Para un europeo resulta incomprensible la actual situación económica venezolana. En los años cincuenta, un dólar valía cinco bolívares. El petróleo, que se paga en dólares, tenía una fiscalidad del 50%, y con ese dinero se mantenía el estado, sin necesidad de otros impuestos. Hoy, un dólar equivale a mil bolívares, es decir, ¡doscientas veces! el cambio de 1960, y el petróleo se sigue pagando en dólares. Tendría que haber en Venezuela bolívares hasta el infinito, o mejor aún, no habría razón para que se devaluase tanto, y ahí está ese país, hundido y en la quiebra social más absoluta.
Y lo triste es que el pueblo se muestra enfervorecido, porque no cree en sí mismo, sino en alguien que lo salve. Y esa es la línea de salvadores patrios que personalizan el poder en Latinoamérica, siempre invocando al pueblo, pero en realidad asumiendo verbalmente ese deseo de cambio que nunca llega. En Europa hay socialistas, conservadores, liberales, comunistas o nacionalistas; en América Latina hay porfirismo, sandinismo, castrismo, peronismo, chavismo.
Surge Chávez en 1992, un militar raro en la Venezuela reciente, porque intenta lo que no se hacía desde el derrocamiento de Pérez Giménez: hacerse con el poder por la fuerza. Fracasó, pero puso en funcionamiento un mecanismo que haría naufragar a los partidos tradicionales que no daban soluciones a una población empobrecida en un país rico. Los «caracazos» acabaron por llevar a Chávez al poder pero de una forma legítima, otra curiosidad, puesto que llegó al Palacio de Miraflores aupado por el 56% de los votos venezolanos. La cuestión es de dónde le viene la fuerza a Chávez. La demagogia dice que del pueblo que lo apoya, pero es evidente que tiene en su ascenso popular el apoyo de las fuerzas armadas, que siguen calladas pero arbitrando la situación.
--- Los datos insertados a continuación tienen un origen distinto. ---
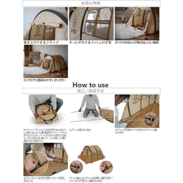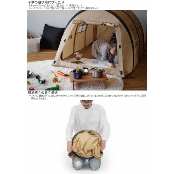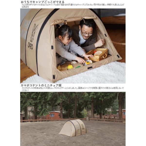 ベビーなのに自立しちゃう。おうちでキャンプごっこができるカマボコテントのミニチュア版。DODで一番人気のカマボコテントのミニチュア版。自立式なのでリビングや子ども部屋など好きな場所に置けて使わない時はコンパクトに収納する事が出来ます。外から覗けるメッシュ窓や中から簡単に開けられるフラップ構造など楽しく安全に楽しめる工夫を詰め込んでいます。たとえ家の中でもテントがあるとぐっとキャンプっぽさが高まります。子連れではキャンプに行きづらい雨や寒さが厳しい時期でも楽しむ事が出来ます。■カラー:タン■組立サイズ(外寸)約W100×D130×H72cm■収納サイズ約W49×D6×H38cm■総重量約1.1kg■材質[テント生地、ポール収納袋、キャリーバッグ]68Dポリエステル[内蔵フレーム]バネ鋼[ポール]グラスファイバー■セット内容:テント生地、ポール×2本、ポール収納袋、キャリーバッグ※ポールが破損した際は使用を中止して下さい。ポールのグラスファイバーの破片で怪我をする恐れがあり大変危険です。屋外では使用しないで下さい。屋外での使用を想定した強度は備えておりません。 4589946147476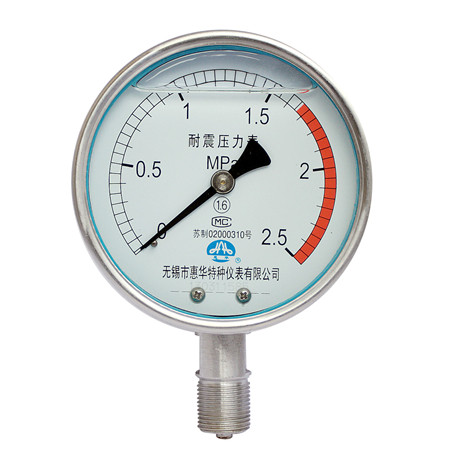 不锈钢耐震压力表因具有良好的抗震性能,所以可用于有机械强烈振动的环境,并耐受介质压力剧烈脉动及冲击载荷,用途更加广泛。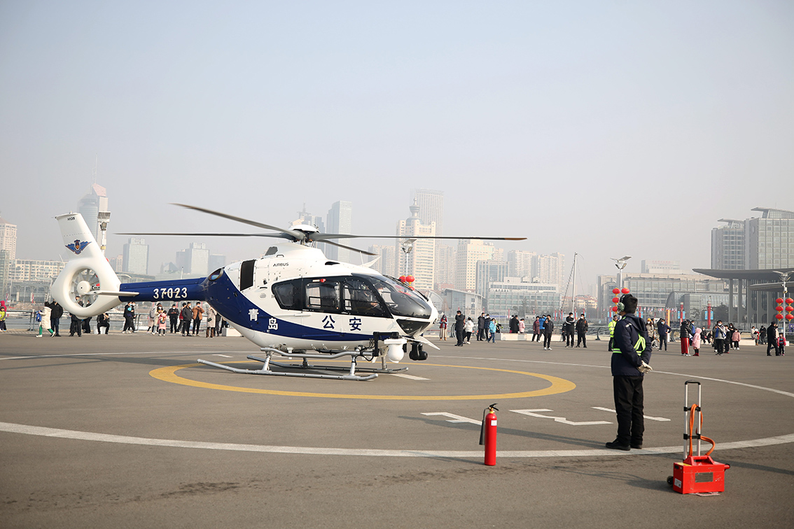 1月8日,青岛公安警用直升机吸引市民现场围观。
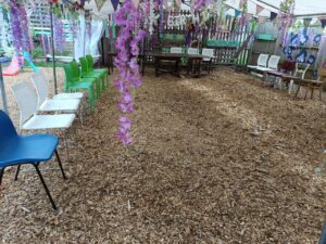 - Space only, outside but covered marquee 6m x 10m. Chairs, tables and decor as shown in pictures and 2 small sand pits included – £ 75 per hour 9am – 5pm, £85 per hour 6pm-10pm extended times may be available with advanced notice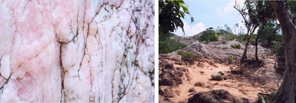 最後にご紹介するのは、世界最大級のローズクォーツ(紅水晶)でできた岩山。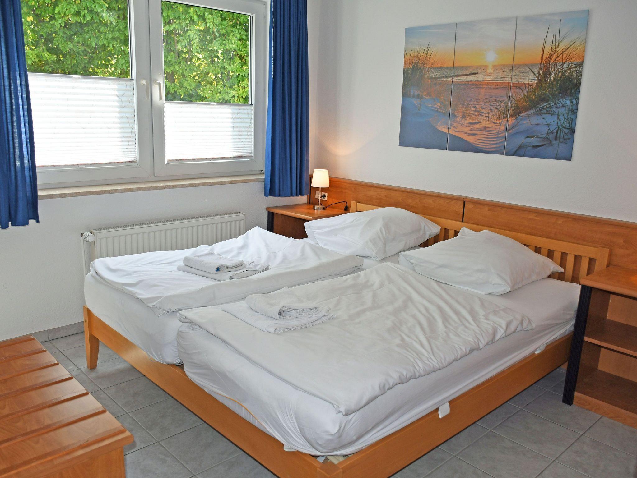 · Schlafzimmer mit einem Doppelbett (180 x 200 cm), Nachttischen und großem Kleiderschrank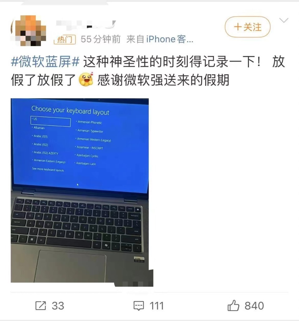 在微博上,“感谢微软,提前放假”话题冲上热搜。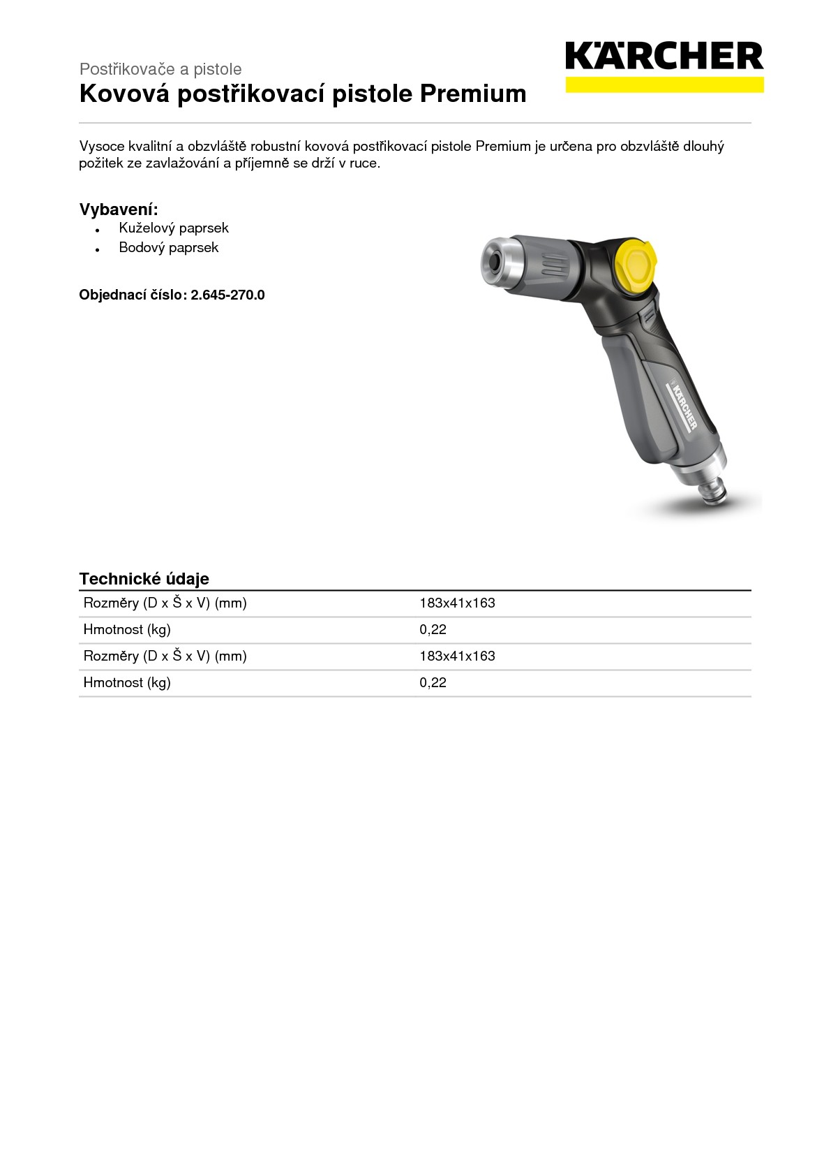 Nejvyšší požadavky vyžadují nejkvalitnější materiál. Kovová postřikovací pistole Premium se nejen drží příjemně v ruce, ale díky zpracování kovu je extrémně robustní a má dlouhou životnost. Otočná rukojeť, se kterou nastavíte aretovatelný spouštěč dopředu nebo dozadu, Vás přesvědčí individuálním uživatelským komfortem, který může nabídnout jen společnost Kärcher. Průtok vody lze dle potřeby nastavit regulačním ventilem, který se ovládá pouze jednou rukou. Kovová postřikovací pistole Premium disponuje 2 obrysy postřiku: bodovým a kuželovým paprskem. Ty můžete dle potřeby plynule nastavovat. Například pro zavlažování květinových a rostlinových záhonů nebo pro odstranění hrubých nečistot z teras nebo zahradního nábytku. Ostatně: Postřikovače a spojky od společnosti Kärcher jsou kompatibilní se všemi dostupnými zacvakávacími systémy a k Vaší zahradní hadici je snadno připojíte.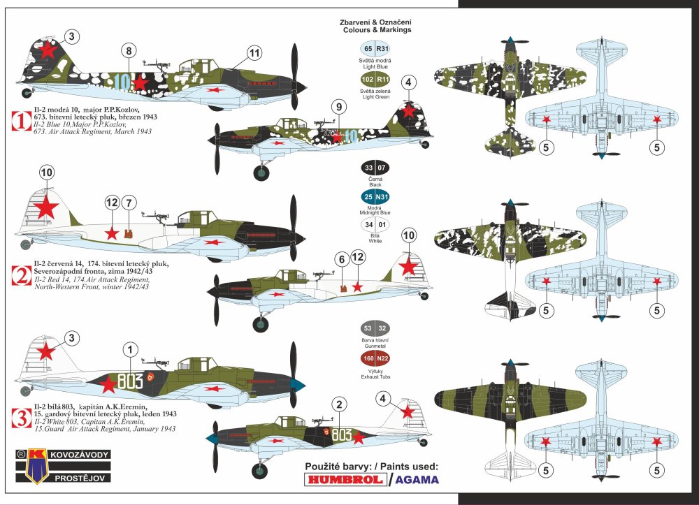 KOVOZAVODY PROSTEJOV - 1/72 IL-2 Interim Gunners Stat. 3x camouflages HI-TECH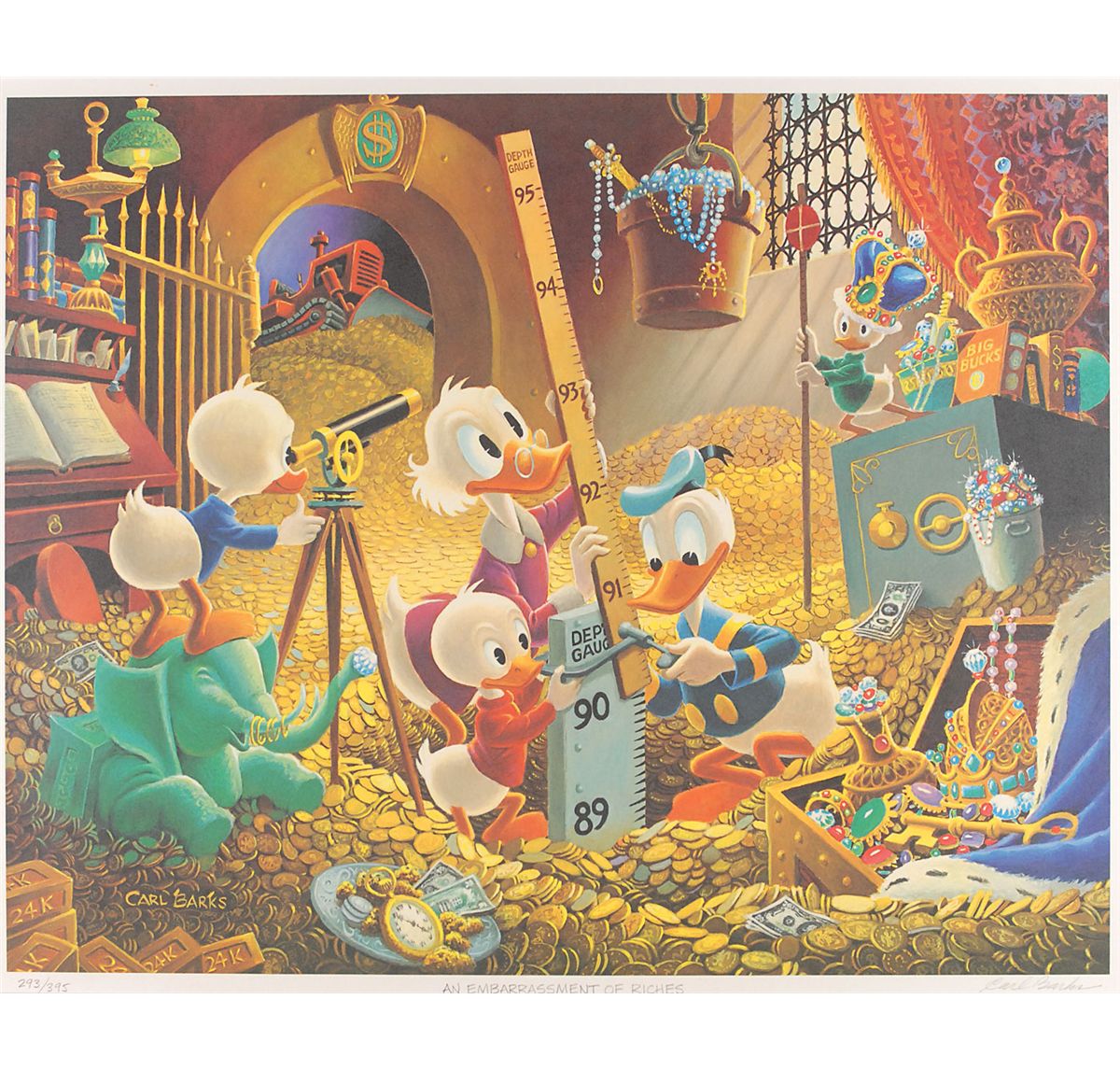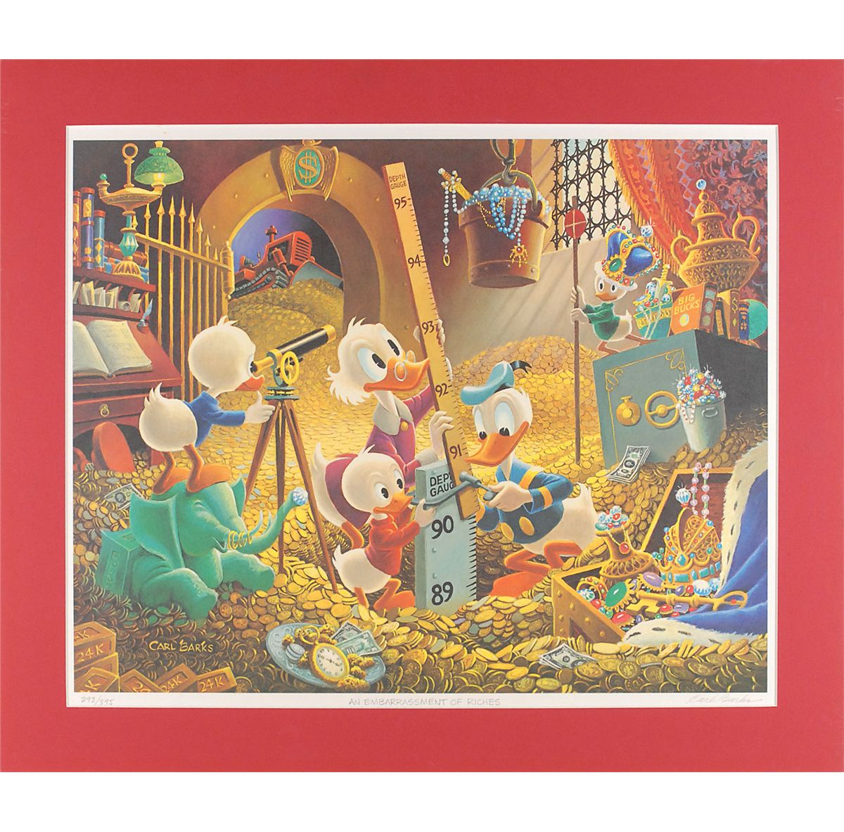 (Another Rainbow Publishing, 1983) Color limited edition 20.5 x 16.5 lithograph entitled ‘An Embarrassment of Riches,’ numbered 293/395, signed in the lower border in pencil. Scene shows Scrooge and Donald having to add an extension onto the depth gauge of Scrooge’s money cave. Matted to an overall size of 24.5 x 21. In very fine condition. Accompanied by a certificate of authenticity from Another Rainbow Publishing.

En Europa parece un anacronismo escuchar el vocabulario de Chávez y sus peroratas llenas de lugares comunes, en un lenguaje que pudo haber estado en boca de Miranda o del propio Bolívar (Andrés Bello hablaba más moderno), y que hoy suena hueco, pero que a media Venezuela le parece la Biblia. Todo esto se mezcla con ese carácter mítico bolivariano y entramos de lleno en el fanatismo. Así puede entender un europeo la imagen de Hugo Chávez, con la constitución bolivariana en la mano izquierda y el crucifijo en la derecha, y el pueblo enfervorizado tras las verjas de Miraflores, creyendo que es él quien quita y pone presidentes. Es algo que está más allá de cualquier comportamiento racional porque se ha entrado en una especie de locura colectiva.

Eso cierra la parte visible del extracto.